▶ Data for this exercise
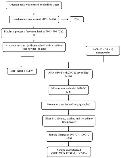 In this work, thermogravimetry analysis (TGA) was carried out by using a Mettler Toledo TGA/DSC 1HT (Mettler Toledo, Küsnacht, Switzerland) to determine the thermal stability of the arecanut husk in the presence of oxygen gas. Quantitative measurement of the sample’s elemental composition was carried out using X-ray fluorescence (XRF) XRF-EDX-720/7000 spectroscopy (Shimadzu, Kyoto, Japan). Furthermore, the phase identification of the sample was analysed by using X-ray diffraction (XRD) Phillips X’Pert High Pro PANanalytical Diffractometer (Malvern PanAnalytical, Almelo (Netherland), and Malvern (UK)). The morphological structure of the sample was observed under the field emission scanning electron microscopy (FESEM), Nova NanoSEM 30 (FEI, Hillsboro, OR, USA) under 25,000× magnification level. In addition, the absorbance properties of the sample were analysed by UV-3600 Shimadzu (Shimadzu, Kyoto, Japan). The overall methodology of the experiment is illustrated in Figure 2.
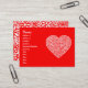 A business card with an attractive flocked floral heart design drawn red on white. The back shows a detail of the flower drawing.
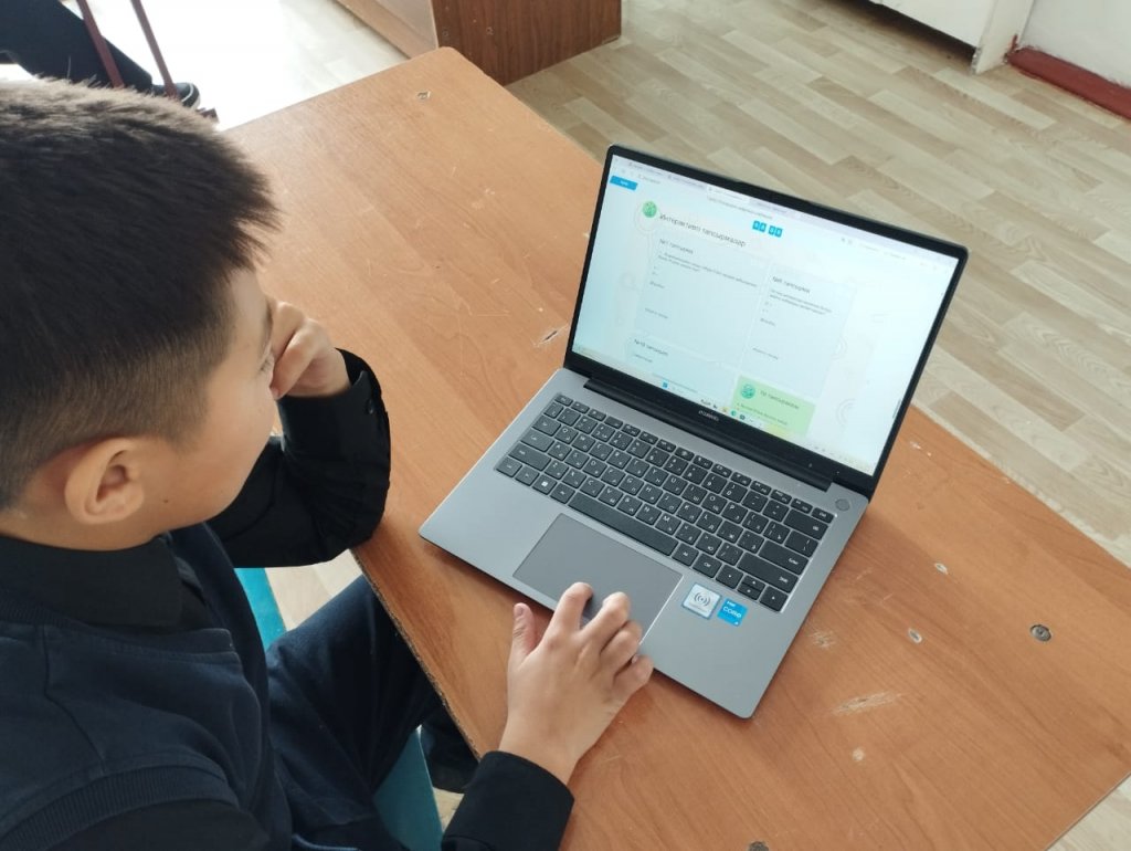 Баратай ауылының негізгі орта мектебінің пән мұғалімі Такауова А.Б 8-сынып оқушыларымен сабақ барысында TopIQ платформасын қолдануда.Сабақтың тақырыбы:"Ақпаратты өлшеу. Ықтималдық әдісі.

--

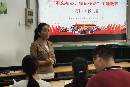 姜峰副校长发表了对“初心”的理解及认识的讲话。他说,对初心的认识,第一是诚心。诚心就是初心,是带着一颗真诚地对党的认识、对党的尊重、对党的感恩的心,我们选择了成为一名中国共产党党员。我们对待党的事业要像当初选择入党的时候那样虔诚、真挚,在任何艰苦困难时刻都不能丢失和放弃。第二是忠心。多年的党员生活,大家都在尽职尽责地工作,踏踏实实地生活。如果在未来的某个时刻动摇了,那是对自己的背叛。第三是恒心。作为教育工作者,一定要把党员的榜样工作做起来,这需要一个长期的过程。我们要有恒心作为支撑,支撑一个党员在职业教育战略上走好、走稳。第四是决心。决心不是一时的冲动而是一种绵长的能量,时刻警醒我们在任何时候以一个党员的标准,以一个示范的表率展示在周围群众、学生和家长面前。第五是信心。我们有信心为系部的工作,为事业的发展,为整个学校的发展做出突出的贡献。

▶ Aim of the exercise
The lines above from the line with "A business card" through the line with "Баратай ауылының негізгі" are to be given again word for word, with no pictures among them.

▶ Exercise solution
 A business card with an attractive flocked floral heart design drawn red on white. The back shows a detail of the flower drawing.
 Баратай ауылының негізгі орта мектебінің пән мұғалімі Такауова А.Б 8-сынып оқушыларымен сабақ барысында TopIQ платформасын қолдануда.Сабақтың тақырыбы:"Ақпаратты өлшеу. Ықтималдық әдісі.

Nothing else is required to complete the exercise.